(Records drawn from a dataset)
· · · · ·

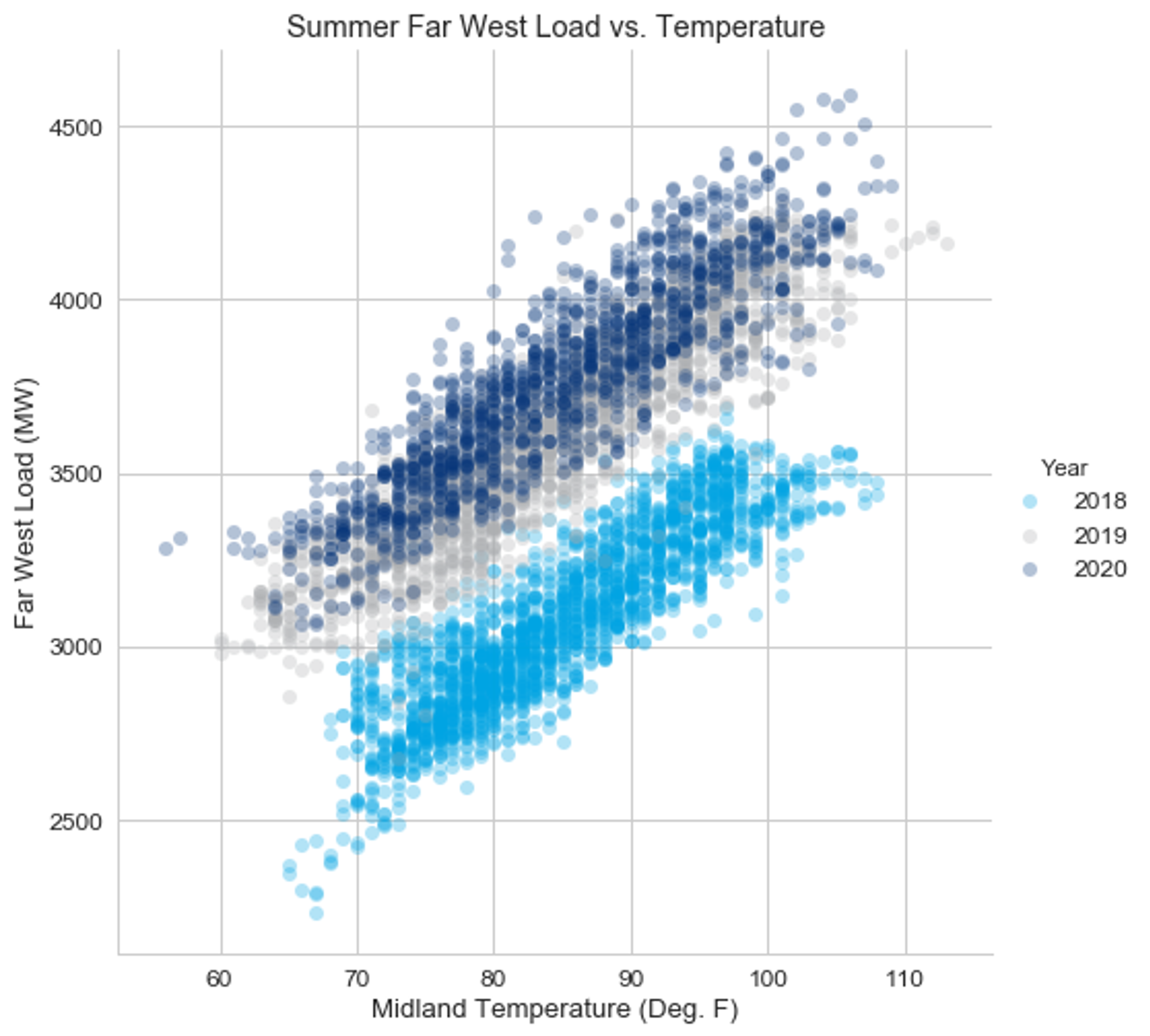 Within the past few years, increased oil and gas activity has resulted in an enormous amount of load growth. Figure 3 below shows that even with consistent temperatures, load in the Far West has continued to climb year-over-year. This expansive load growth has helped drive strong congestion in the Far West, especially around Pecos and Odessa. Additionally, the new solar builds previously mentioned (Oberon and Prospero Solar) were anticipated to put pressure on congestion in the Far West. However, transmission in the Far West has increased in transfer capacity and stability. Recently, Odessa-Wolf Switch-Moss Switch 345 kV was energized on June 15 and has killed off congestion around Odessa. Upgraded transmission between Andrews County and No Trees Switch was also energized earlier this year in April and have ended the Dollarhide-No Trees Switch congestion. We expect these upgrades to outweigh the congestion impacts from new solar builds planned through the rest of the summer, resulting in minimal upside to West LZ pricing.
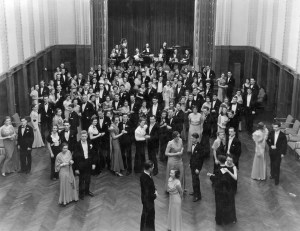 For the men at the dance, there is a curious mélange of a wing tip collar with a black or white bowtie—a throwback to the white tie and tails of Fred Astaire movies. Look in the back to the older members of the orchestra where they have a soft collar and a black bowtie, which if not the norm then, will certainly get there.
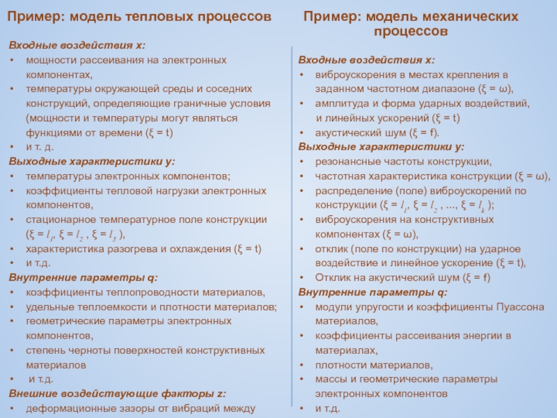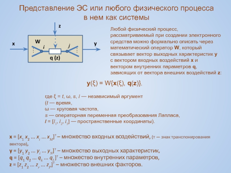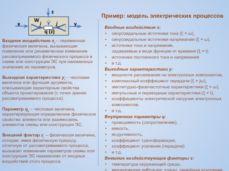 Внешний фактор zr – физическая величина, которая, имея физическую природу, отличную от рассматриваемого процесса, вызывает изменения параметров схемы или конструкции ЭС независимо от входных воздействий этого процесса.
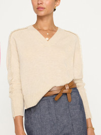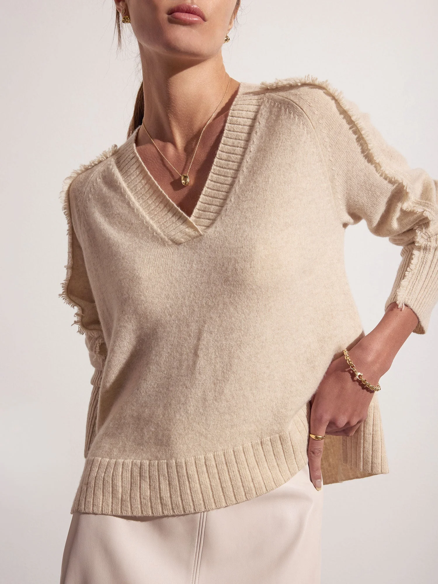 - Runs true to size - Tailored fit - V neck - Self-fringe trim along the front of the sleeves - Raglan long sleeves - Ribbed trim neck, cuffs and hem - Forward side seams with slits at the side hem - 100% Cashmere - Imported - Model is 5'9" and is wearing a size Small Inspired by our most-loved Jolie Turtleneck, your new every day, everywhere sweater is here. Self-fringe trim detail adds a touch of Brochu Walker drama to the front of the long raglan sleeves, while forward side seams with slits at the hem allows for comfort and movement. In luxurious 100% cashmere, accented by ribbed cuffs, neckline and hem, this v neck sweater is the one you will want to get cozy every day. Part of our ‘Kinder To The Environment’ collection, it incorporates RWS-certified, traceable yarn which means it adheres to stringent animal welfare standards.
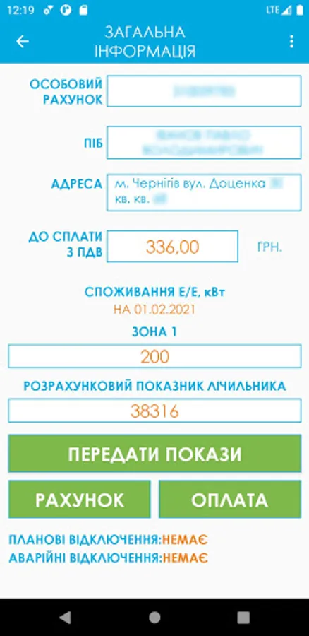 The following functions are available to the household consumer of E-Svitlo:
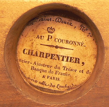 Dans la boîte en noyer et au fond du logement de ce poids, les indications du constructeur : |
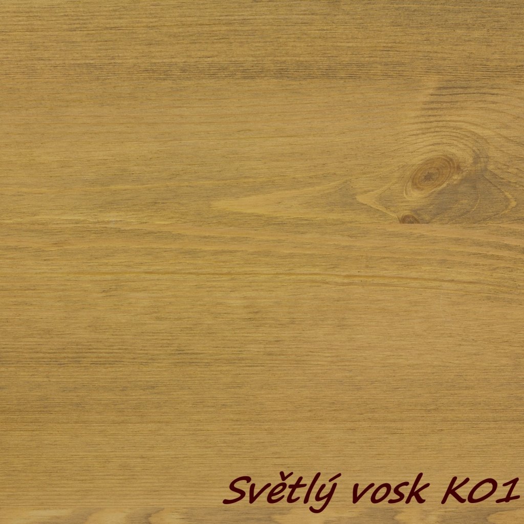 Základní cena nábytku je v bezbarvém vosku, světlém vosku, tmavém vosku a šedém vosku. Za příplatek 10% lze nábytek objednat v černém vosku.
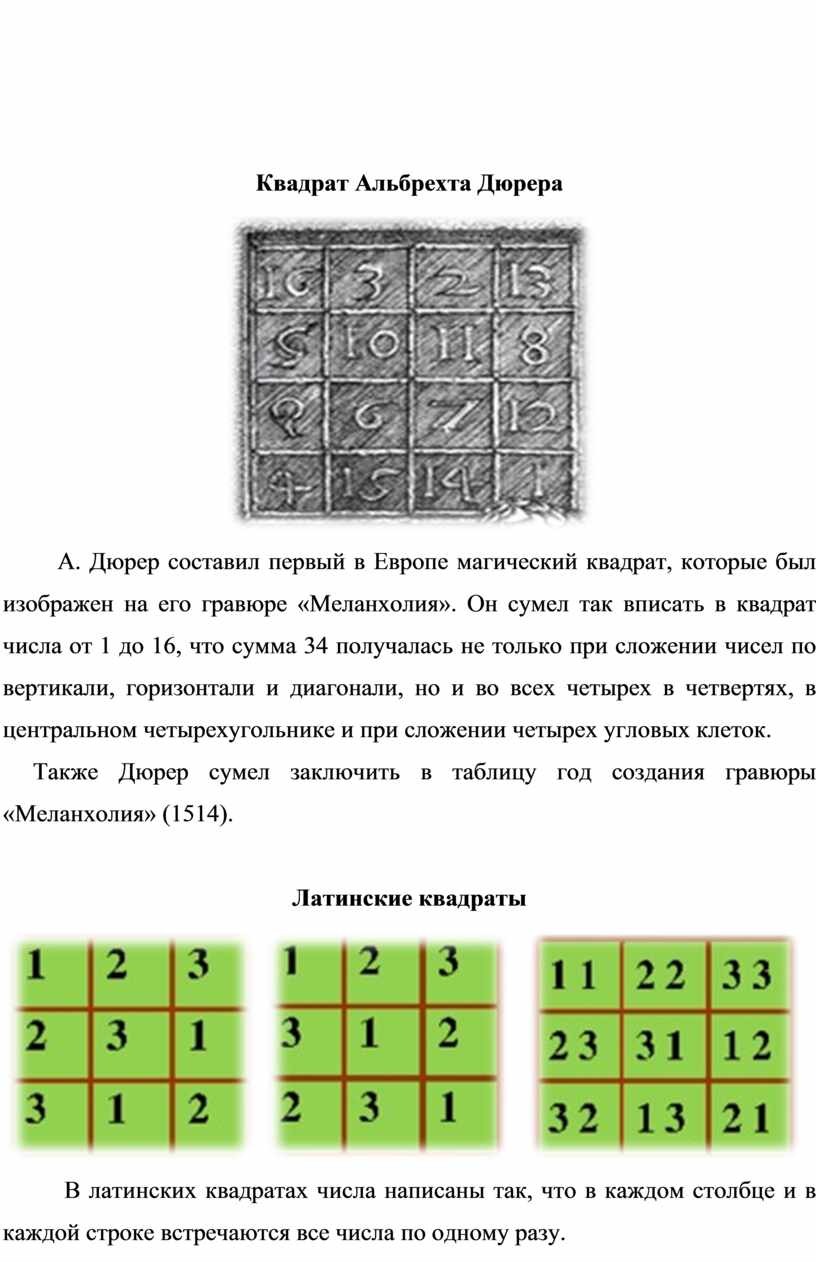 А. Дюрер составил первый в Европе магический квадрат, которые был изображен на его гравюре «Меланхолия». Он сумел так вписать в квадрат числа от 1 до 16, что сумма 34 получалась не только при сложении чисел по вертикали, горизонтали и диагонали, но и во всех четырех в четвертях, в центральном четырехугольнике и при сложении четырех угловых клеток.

· · · · ·

INSTRUCTIONS FOR THE TASK ::
Within the entries above, give again exactly the lines starting at the one that contains "Внешний фактор zr" and ending at the one that contains "Základní cena nábytku", leaving out the pictures.

WRITTEN REPLY ::
 Внешний фактор zr – физическая величина, которая, имея физическую природу, отличную от рассматриваемого процесса, вызывает изменения параметров схемы или конструкции ЭС независимо от входных воздействий этого процесса.
 - Runs true to size - Tailored fit - V neck - Self-fringe trim along the front of the sleeves - Raglan long sleeves - Ribbed trim neck, cuffs and hem - Forward side seams with slits at the side hem - 100% Cashmere - Imported - Model is 5'9" and is wearing a size Small Inspired by our most-loved Jolie Turtleneck, your new every day, everywhere sweater is here. Self-fringe trim detail adds a touch of Brochu Walker drama to the front of the long raglan sleeves, while forward side seams with slits at the hem allows for comfort and movement. In luxurious 100% cashmere, accented by ribbed cuffs, neckline and hem, this v neck sweater is the one you will want to get cozy every day. Part of our ‘Kinder To The Environment’ collection, it incorporates RWS-certified, traceable yarn which means it adheres to stringent animal welfare standards.
 The following functions are available to the household consumer of E-Svitlo:
 Dans la boîte en noyer et au fond du logement de ce poids, les indications du constructeur : |
 Základní cena nábytku je v bezbarvém vosku, světlém vosku, tmavém vosku a šedém vosku. Za příplatek 10% lze nábytek objednat v černém vosku.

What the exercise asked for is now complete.